Successful management of post-traumatic C7-T1 spondyloptosis with uninstrumented ventral surgery.

作者信息

Shah Kiritkumar Chhanalal, Rajshekhar Vedantam

机构信息

Department of Neurological Sciences, Christian Medical College Hospital, Vellore, India.

出版信息

Surg Neurol. 2004 Nov;62(5):431-4. doi: 10.1016/j.surneu.2003.12.012.

Abstract

BACKGROUND

Total spondyloptosis of the cervical spine is a very rare injury.
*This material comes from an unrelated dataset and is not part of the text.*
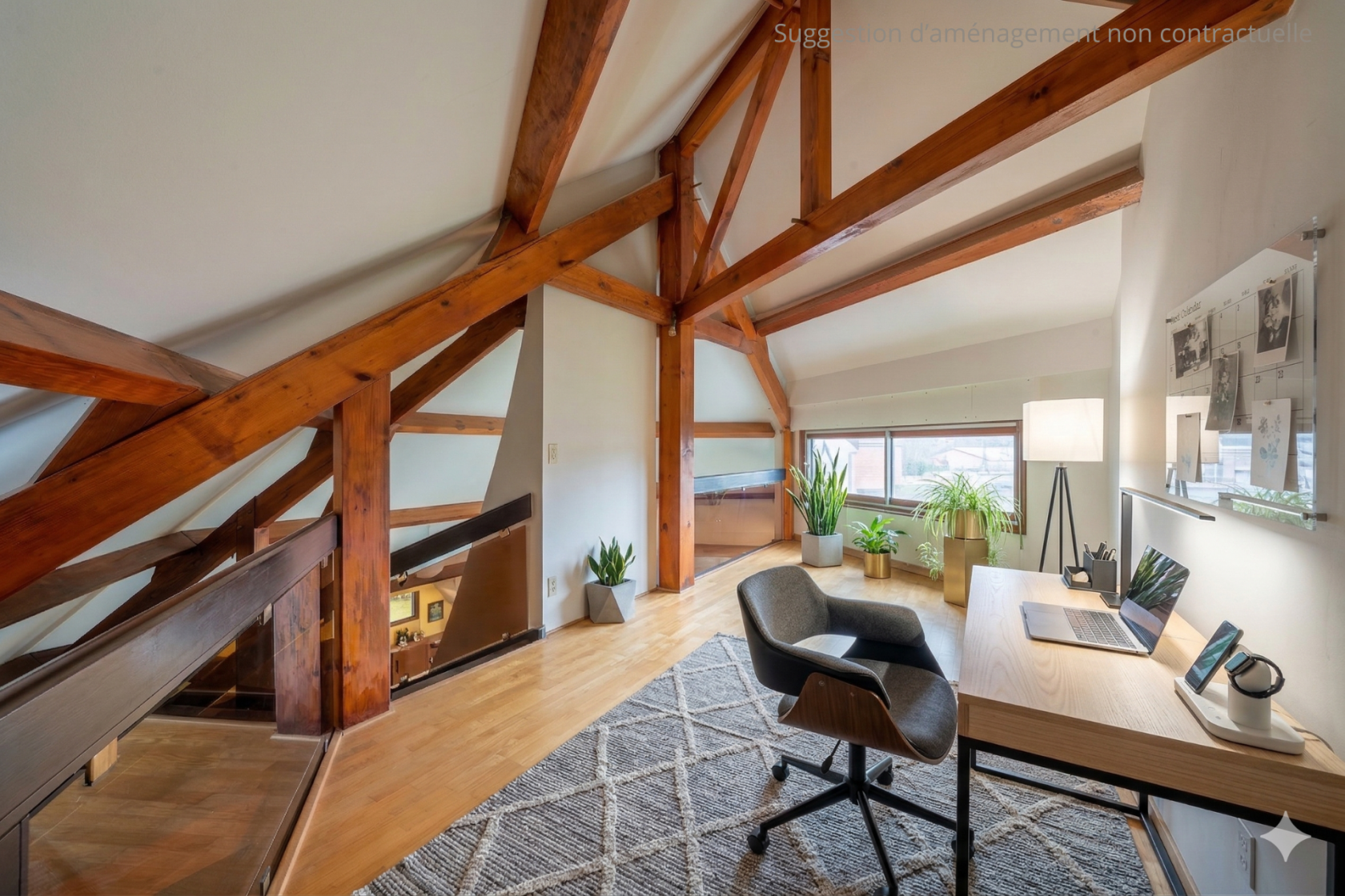L’étage accueille une mezzanine surplombant le séjour, offrant un espace lumineux pour un bureau. Deux chambres supplémentaires (dont une avec balcon) et une salle de bain, terminent l’espace nuit.

The authors describe an unusual case of post-traumatic total spondyloptosis of the cervical spine at C7-T1 level.

CASE DESCRIPTION

A 40-year-old man presented with weakness of all four limbs, impaired sensations in all limbs and neck pain after a fall. A magnetic resonance image (MRI) of the cervical spine revealed a total spondyloptosis at C7-T1 level. He was managed successfully with ventral decompression and uninstrumented in situ fusion. The patient had a good neurologic outcome.

CONCLUSION

Selected patients with spondyloptosis of the cervical spine can be successfully managed with uninstrumented ventral surgery.

摘要

背景

颈椎完全滑脱是一种非常罕见的损伤。作者描述了一例C7-T1水平创伤后颈椎完全滑脱的罕见病例。

病例描述

一名40岁男性在跌倒后出现四肢无力、四肢感觉障碍和颈部疼痛。颈椎磁共振成像(MRI)显示C7-T1水平完全滑脱。通过前路减压和非器械原位融合成功治疗。患者神经功能恢复良好。

结论

部分颈椎滑脱患者可通过非器械前路手术成功治疗。